Do you mind opening an issue in GitHub - iterative/dvclive: 📈 Log and track ML metrics, parameters, models with Git and/or DVC ?

I’ll test a bit, and if it is still happening I will open an issue. No problem!

@daavoo

  1. I pass the DVC_CHECKPOINT using docker run -e DVC_CHECKPOINT=$DVC_CHECKPOINT, this works fine. Nothing changes.

Problem:

  1. I add the .dvc folder to the “workspace”. The container opens in a folder called /workspace and I added the .dvc folder like so: -v $LOCAL_WORKSPACE_FOLDER/.dvc:/workspace/.dvc. And the training hangs. Container is still running but no output is generated as it stops right before the training should start. From the log file (output of mmcv, mmdet)
INFO:mmdet:workflow: [('train', 1)], max: 2 epochs
loading annotations into memory...
Done (t=0.00s)
creating index...
index created!
loading annotations into memory...
Done (t=0.00s)
creating index...
index created!

The DvcliveLoggerHook is registered:

before_run:
(VERY_HIGH   ) StepLrUpdaterHook                  
(LOW         ) EvalHook                           
(VERY_LOW    ) DvcliveLoggerHook 

It is also registered in before_train_epoch, after_train_iter (which is actually weird maybe as I said it should be per epoch), after_train_epoch, before_val_epoch, after_val_epoch

Maybe relevant: DVC does recognize it is a checkpoint experiment, but it almost immediately says the: “Updating lock file, To track changes etc., Experiment results have been applied to your workspace”. Before training has finished (or even started). I would expect something like the output in Checkpoints | Data Version Control · DVC.

Thanks for the help so far!

Hi @RiCk , thanks for the details. I will try to reproduce, debug and get back to you

I made some progress regarding this issue and will update the post here such that it might be helpful to somebody. Specifically this comment in my last post before this one:

Maybe relevant: …, but it almost immediately says the: “Updating lock file, To track changes etc., Experiment results have been applied to your workspace”. Before training has finished (or even started). …

/bin/bash train.sh finished immediately, signaling to DVC that the training was done. However, the training wasn’t done, it was running in some other container. The scripts finished immediately because it was implemented that way. I changed it now such that the training is actually finished when the script finishes and this fixed a lot of my problems :slight_smile:

I think I saw some features that might help with this in the future? Machine management/ Remote executors?

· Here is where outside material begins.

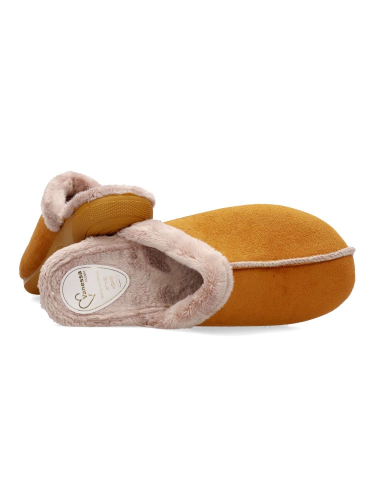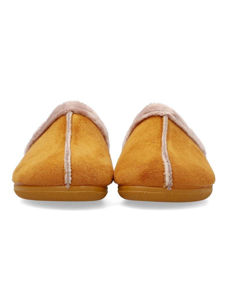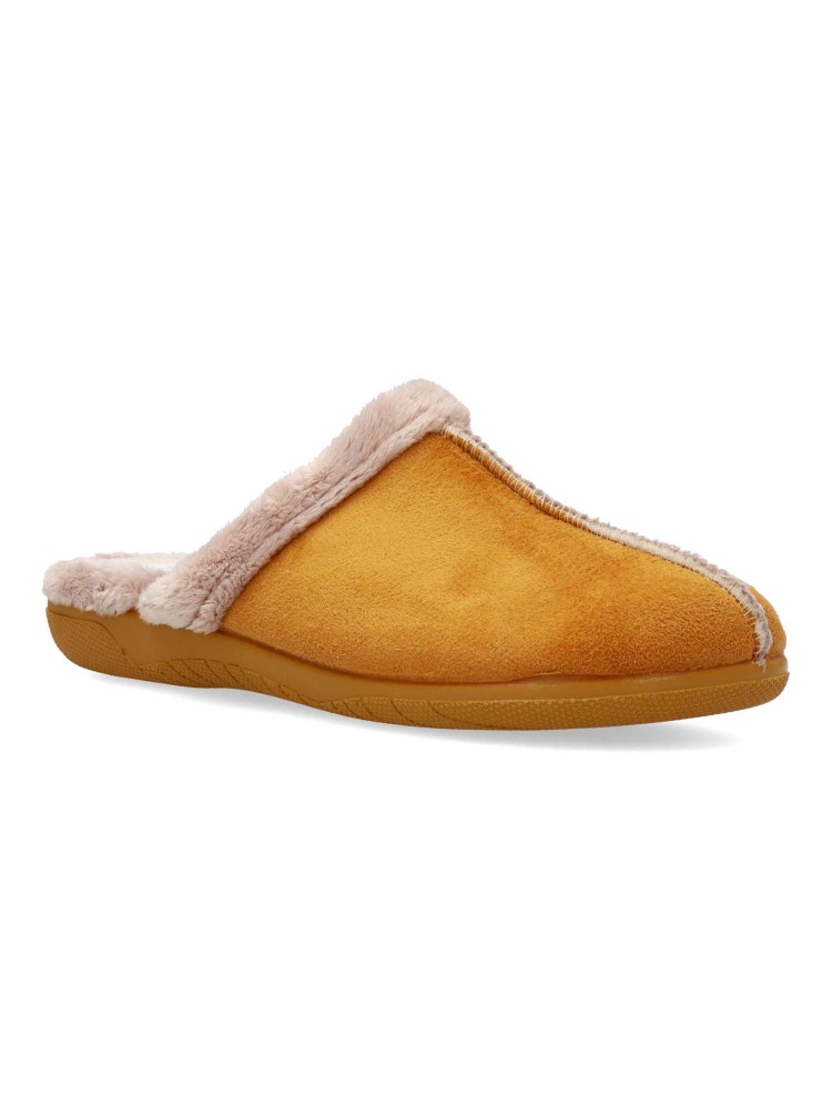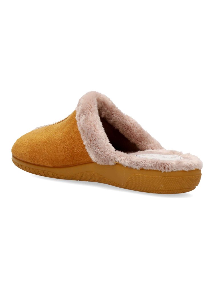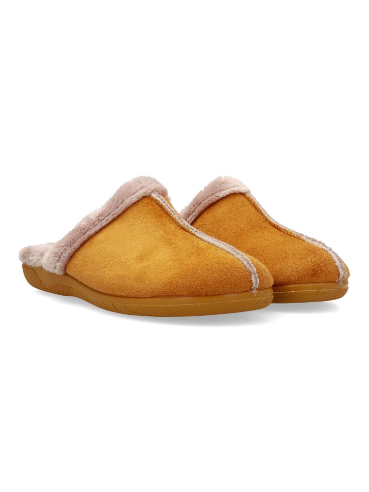 Zapatilla de casa para mujer. Fabricada en textil con suela de goma ligera y flexible. Color camel. Plantilla acolchada. Interior y exterior de suave pelo sintético. Agradable sensación de comodidad y calidez para los días más fríos. Hecho en España.
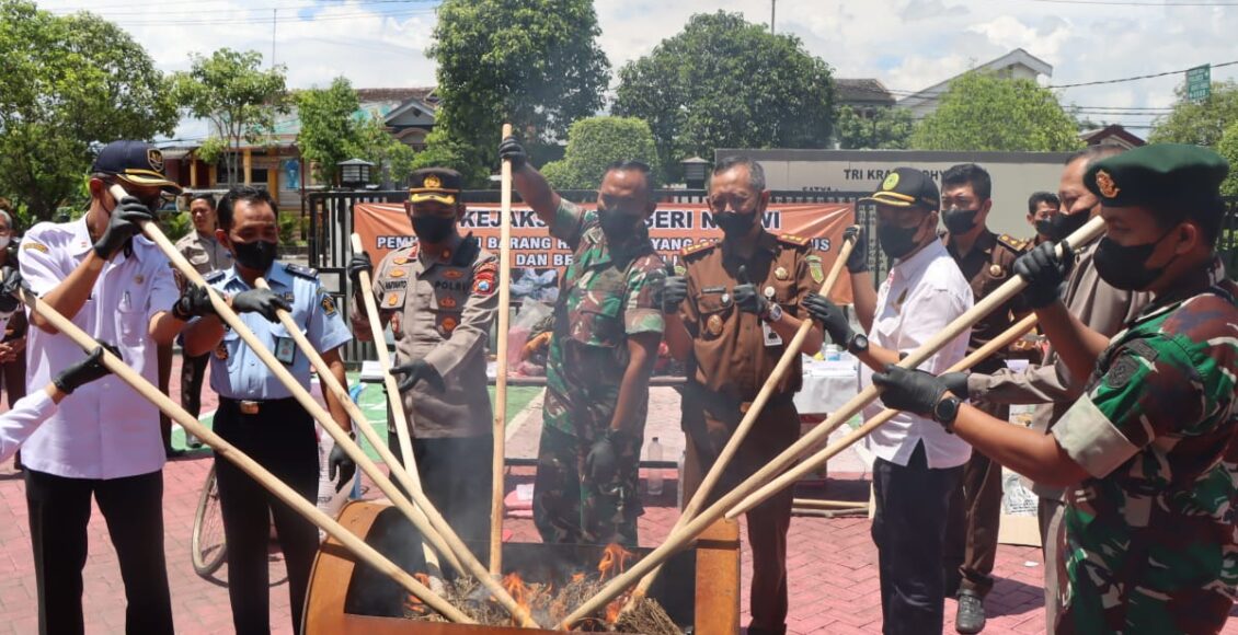 Wakapolres Ngawi Ikuti Pelaksanaan Pemusnahan Barang Bukti

Hi @RiCk ! sorry for the late reply.

will update the post here such that it might be helpful to somebody

Don’t hesitate on sharing :rocket:

I changed it now such that the training is actually finished when the script finishes and this fixed a lot of my problems :slight_smile:

Glad to hear that.

I think I saw some features that might help with this in the future? Machine management/ Remote executors?

There was some initial development on DVC regarding this topic but it is paused for now. Don’t hesitate on opening an issue or discussion to share your use case / needs.